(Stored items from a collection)

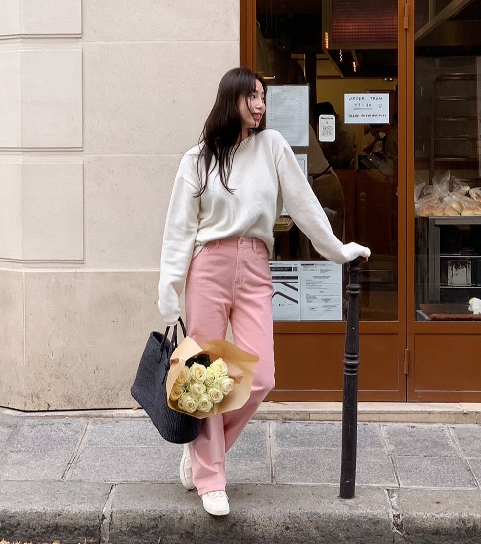 Quần màu hồng pastel sẽ mang đến làn gió mới cho phong cách của chị em. Kiểu quần này kết hợp rất ăn ý với áo trắng, tạo nên bộ trang phục ngọt ngào, tươi mới mà vẫn trang nhã. Đôi giày sneaker trắng chính là mảnh ghép hoàn hảo của set đồ trẻ trung, năng động.
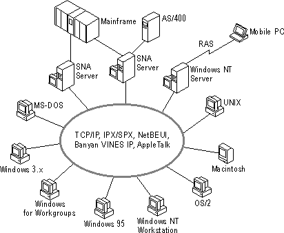Figure 2.1 SNA Server offers LAN-to-SNA gateway services supporting a broad range of LAN-based PC operating systems across popular LAN and WAN protocols.
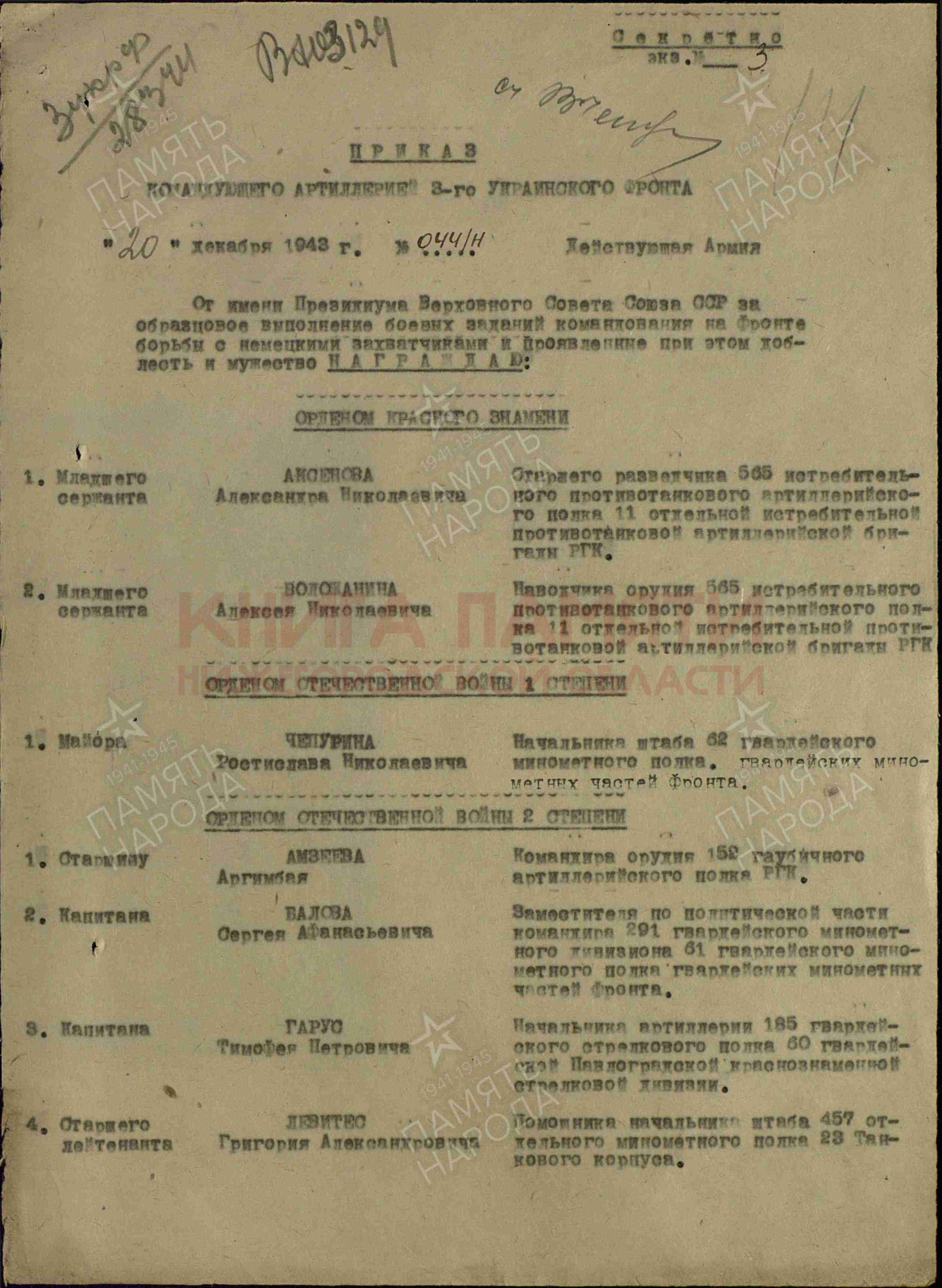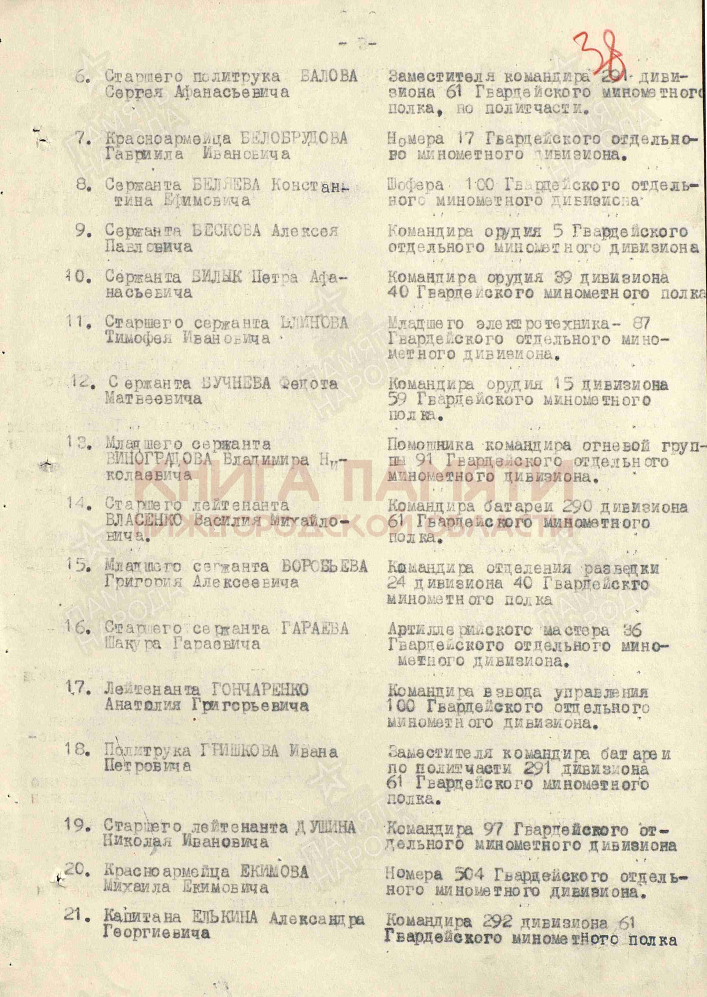 291 гвардейского минометного дивизиона 61 гвардейского минометного полка гвардейских минометных частей фронта; 301 гвардейский минометный полк
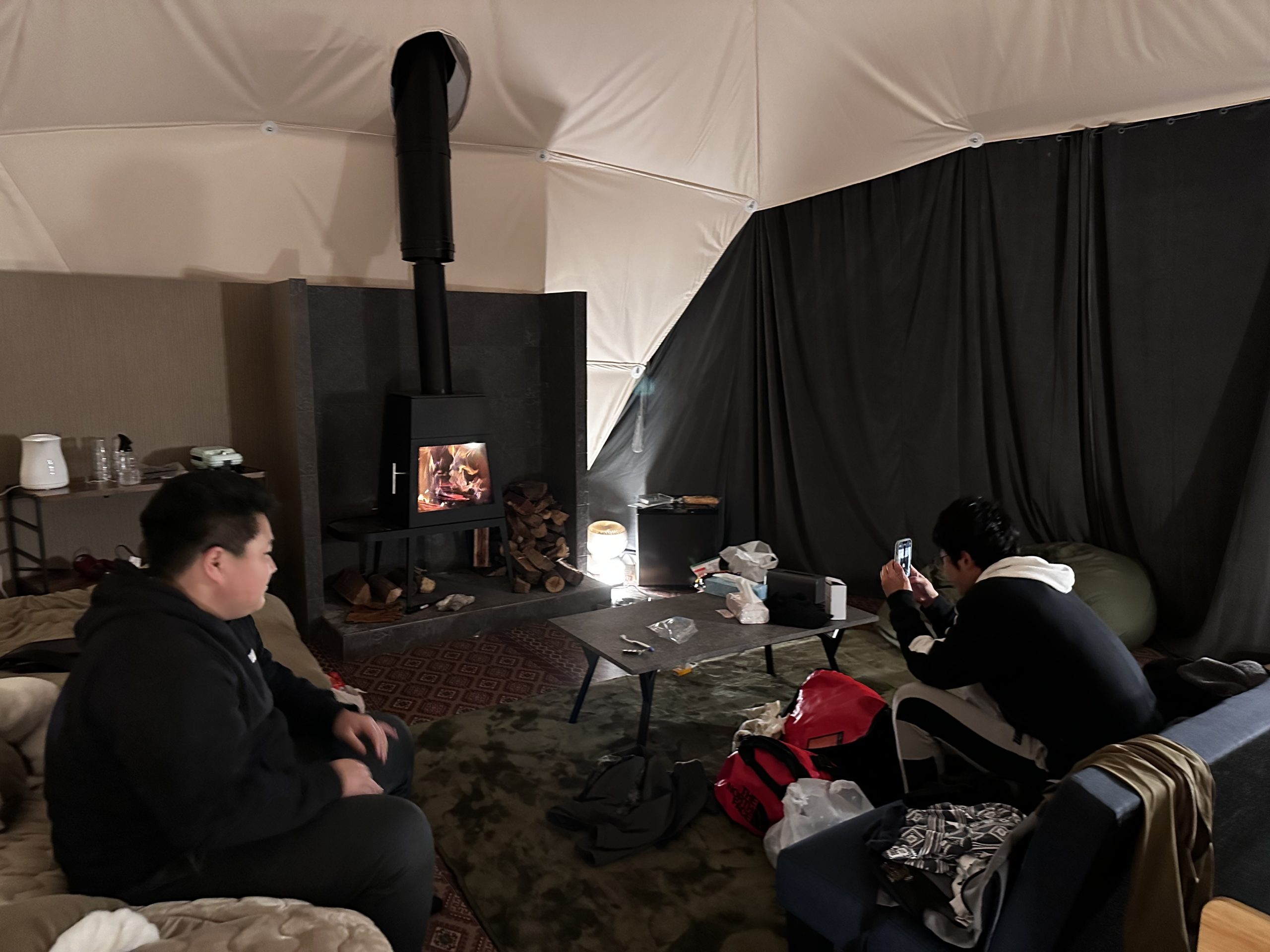 まだまだ雪が残り外は寒さが有るものの、グランピング内ではエアコン、ファンヒーター、薪ストーブが有り、寒さ対策は万全なので-10度になっても全く問題なく楽しむことが出来ます。
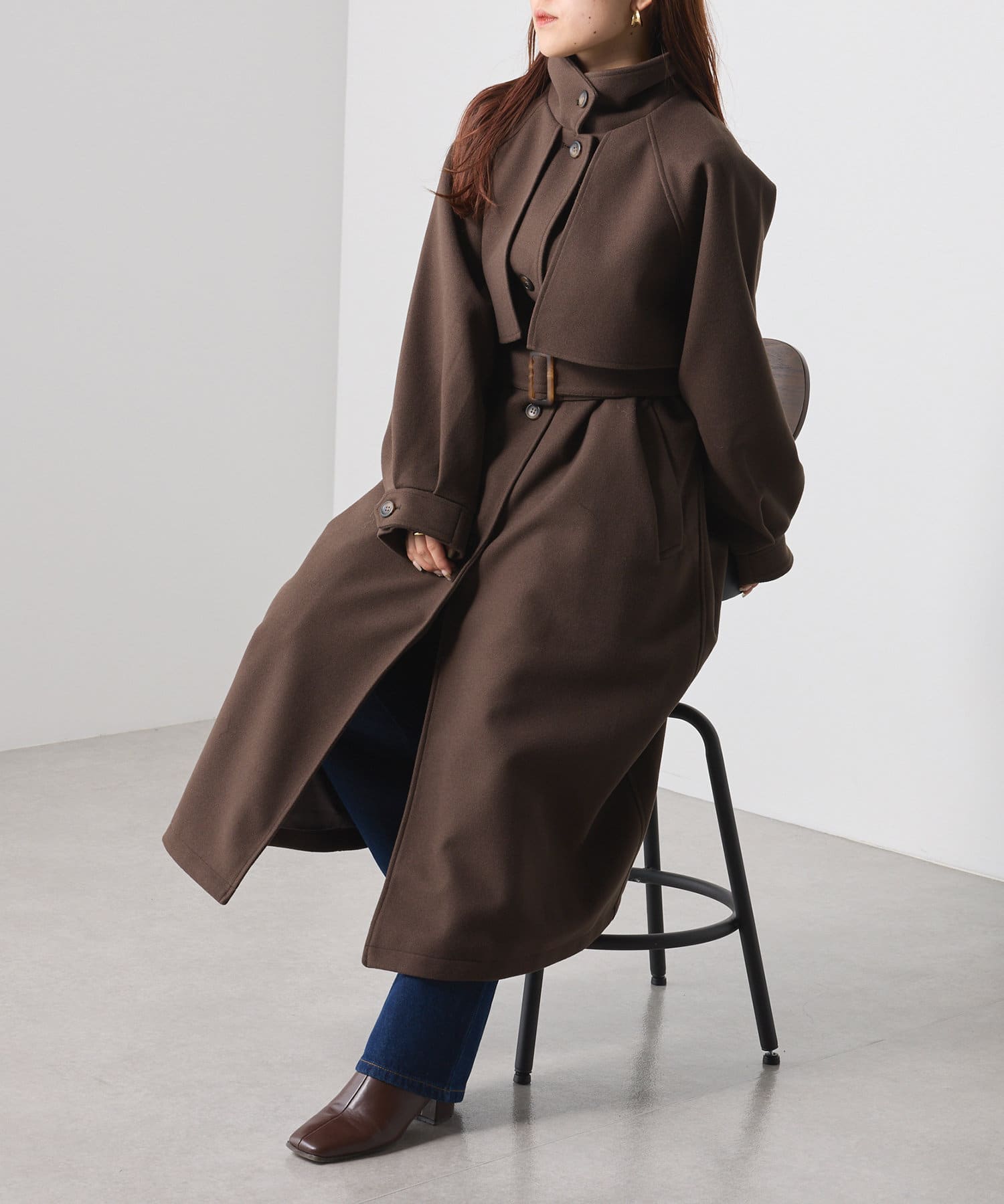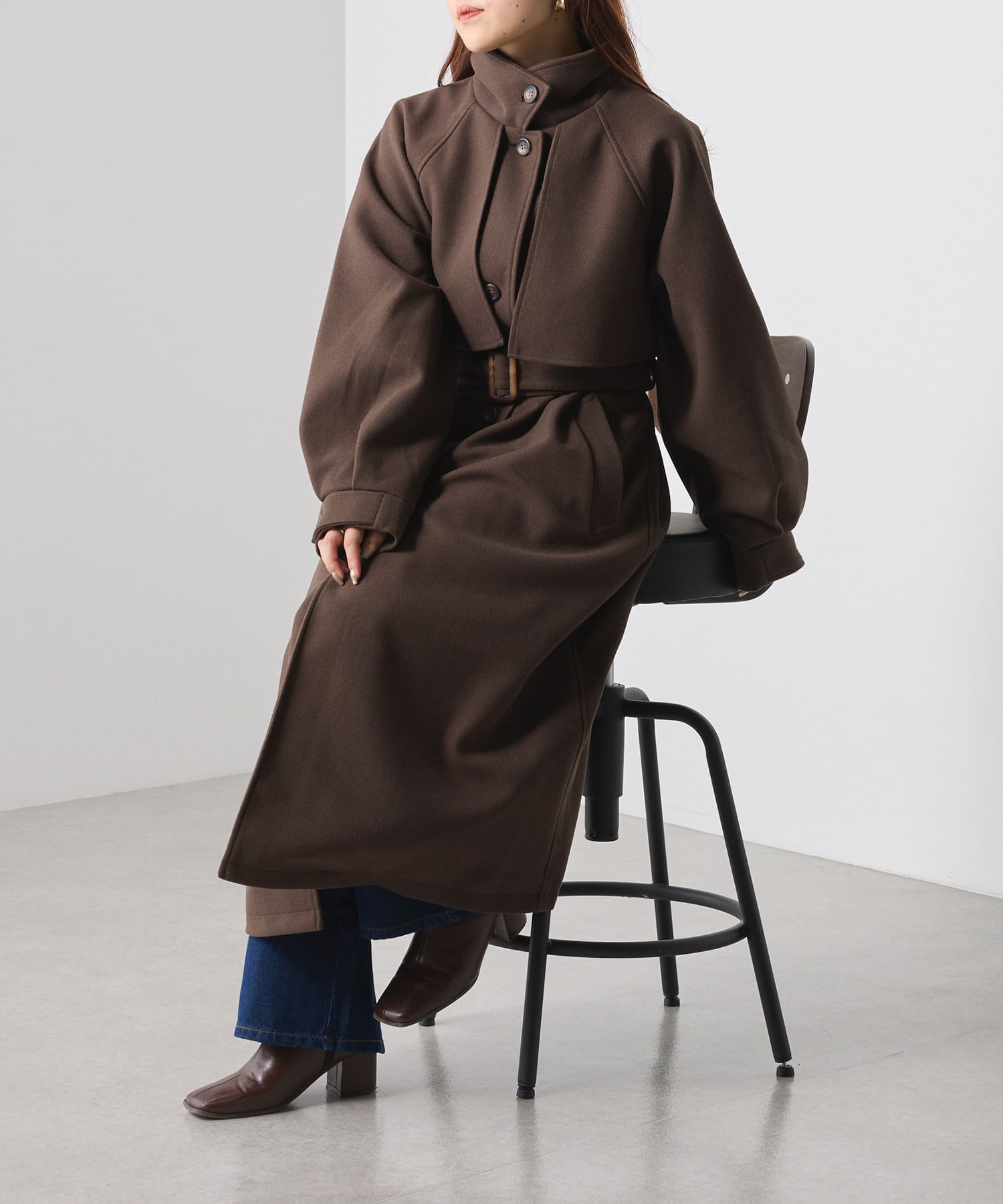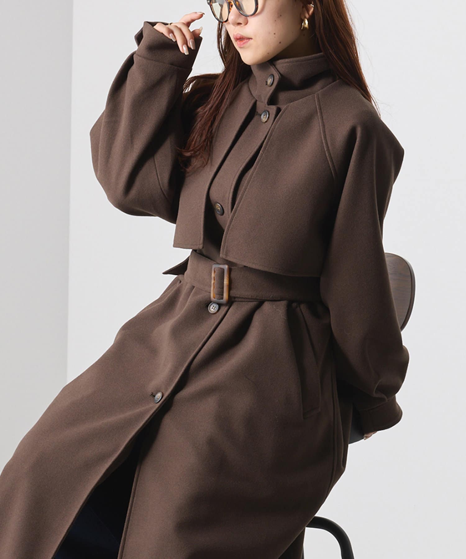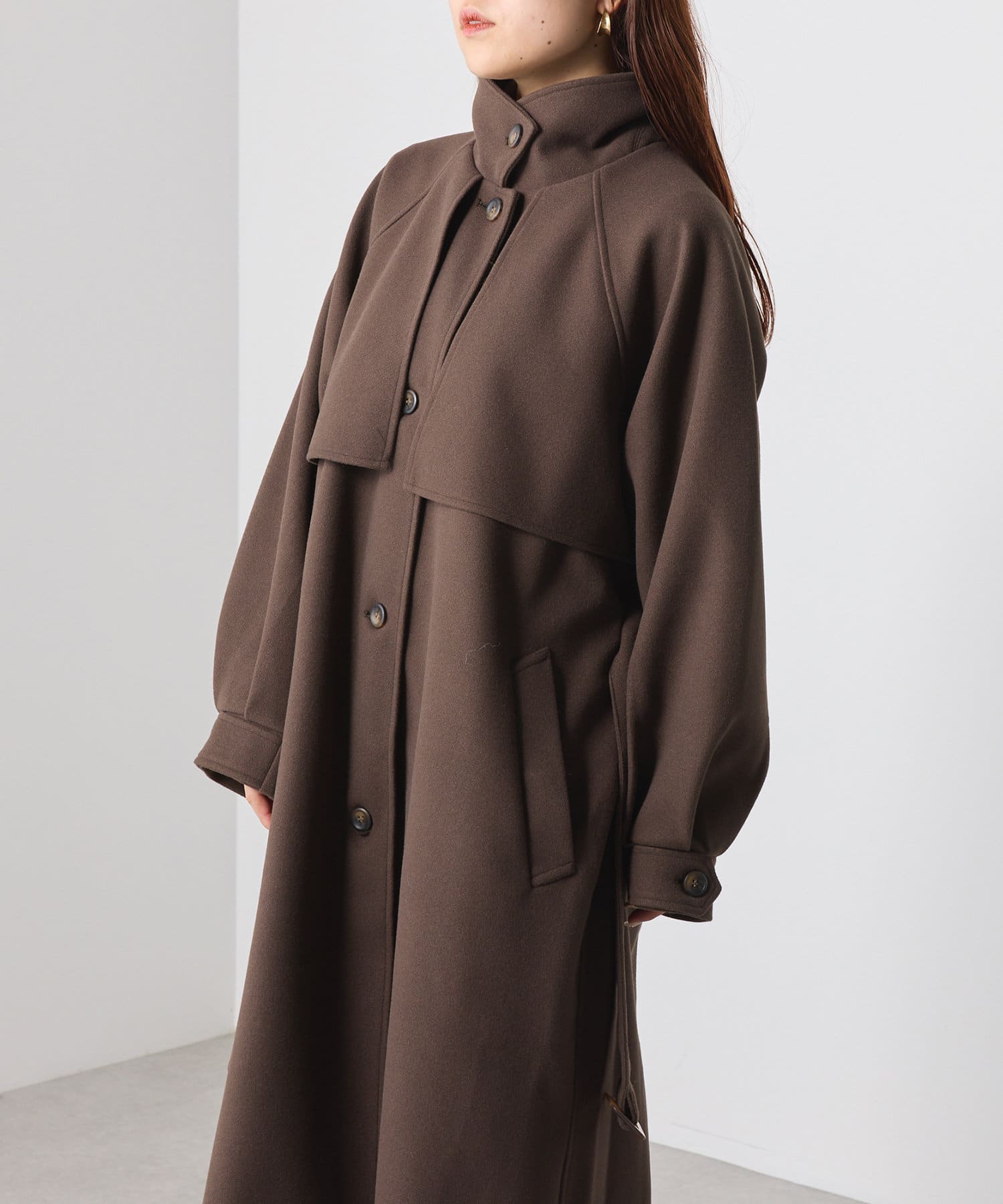 ・スタンドカラー×ケープデザインとトレンドが詰まった一着です。
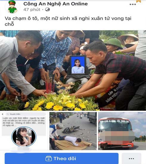 Chiều 28-6, nữ sinh Trần Thị Mỹ Duyên (21 tuổi, trú tại huyện Nghi Lộc, tỉnh Nghệ An) hoảng hồn sau khi ngủ dậy, nhận được hoàng loạt tin nhắn hỏi thăm, chia buồn vì sự ra đi đột ngột của mình. Lý do có sự việc trên là trên trang mạng xã hội lấy tên giả mạo “Công an Nghệ An Online” có đăng tải hình ảnh va chạm giao thông cùng với đám tang và trang mạng cá nhân của Duyên.
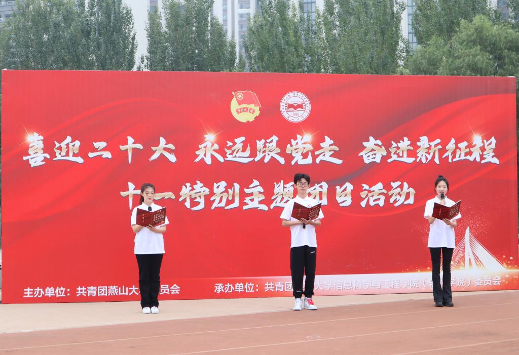 我校学生代表电气工程学院褚君宇、信息科学与工程学院(软件学院)梁茜雅、文法学院盖星雨在国旗下激昂朗诵《喜迎二十大 青春耀百年》,号召全校青年团员,高举中国特色社会主义伟大旗帜,坚定不移的走中国特色社会主义道路,做有理想、有本领、有担当的新时代新青年,用灿烂的青春书写时代篇章。
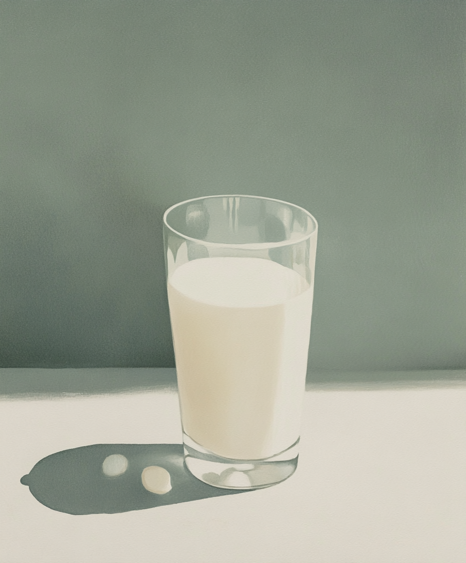 Minimalist illustration of a glass of milk with a muted green background and subtle lighting.
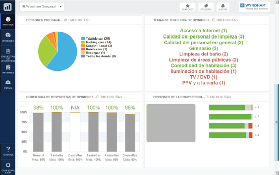 Finalmente, Revinate se dedica a capturar, medir y optimizar la experiencia de los huéspedes combinando todas las reseñas en línea y menciones en redes sociales en una única visión integrada. Tiene más de 28.000 clientes en 160 países y permite observar las opiniones del hotel y de su competencia (Revinate, 2016). Revinate es el software que se utilizó para realizar la presente investigación, dado que es el programa utilizado por la cadena hotelera GHL para medir su reputación en línea. Este programa también permite hacer un análisis semántico clasificando los comentarios por tema, departamento, calificación, período o canal (OTA, sitio de opinión o red social), como se puede observar en la figura 1.

§ **ASSIGNMENT**
Would you set down the records above once more, exactly, with the pictures removed?

§ **EXERCISE SOLUTION**
 Quần màu hồng pastel sẽ mang đến làn gió mới cho phong cách của chị em. Kiểu quần này kết hợp rất ăn ý với áo trắng, tạo nên bộ trang phục ngọt ngào, tươi mới mà vẫn trang nhã. Đôi giày sneaker trắng chính là mảnh ghép hoàn hảo của set đồ trẻ trung, năng động.
Figure 2.1 SNA Server offers LAN-to-SNA gateway services supporting a broad range of LAN-based PC operating systems across popular LAN and WAN protocols.
 291 гвардейского минометного дивизиона 61 гвардейского минометного полка гвардейских минометных частей фронта; 301 гвардейский минометный полк
 まだまだ雪が残り外は寒さが有るものの、グランピング内ではエアコン、ファンヒーター、薪ストーブが有り、寒さ対策は万全なので-10度になっても全く問題なく楽しむことが出来ます。
 ・スタンドカラー×ケープデザインとトレンドが詰まった一着です。
 Chiều 28-6, nữ sinh Trần Thị Mỹ Duyên (21 tuổi, trú tại huyện Nghi Lộc, tỉnh Nghệ An) hoảng hồn sau khi ngủ dậy, nhận được hoàng loạt tin nhắn hỏi thăm, chia buồn vì sự ra đi đột ngột của mình. Lý do có sự việc trên là trên trang mạng xã hội lấy tên giả mạo “Công an Nghệ An Online” có đăng tải hình ảnh va chạm giao thông cùng với đám tang và trang mạng cá nhân của Duyên.
 我校学生代表电气工程学院褚君宇、信息科学与工程学院(软件学院)梁茜雅、文法学院盖星雨在国旗下激昂朗诵《喜迎二十大 青春耀百年》,号召全校青年团员,高举中国特色社会主义伟大旗帜,坚定不移的走中国特色社会主义道路,做有理想、有本领、有担当的新时代新青年,用灿烂的青春书写时代篇章。
 Minimalist illustration of a glass of milk with a muted green background and subtle lighting.
 Finalmente, Revinate se dedica a capturar, medir y optimizar la experiencia de los huéspedes combinando todas las reseñas en línea y menciones en redes sociales en una única visión integrada. Tiene más de 28.000 clientes en 160 países y permite observar las opiniones del hotel y de su competencia (Revinate, 2016). Revinate es el software que se utilizó para realizar la presente investigación, dado que es el programa utilizado por la cadena hotelera GHL para medir su reputación en línea. Este programa también permite hacer un análisis semántico clasificando los comentarios por tema, departamento, calificación, período o canal (OTA, sitio de opinión o red social), como se puede observar en la figura 1.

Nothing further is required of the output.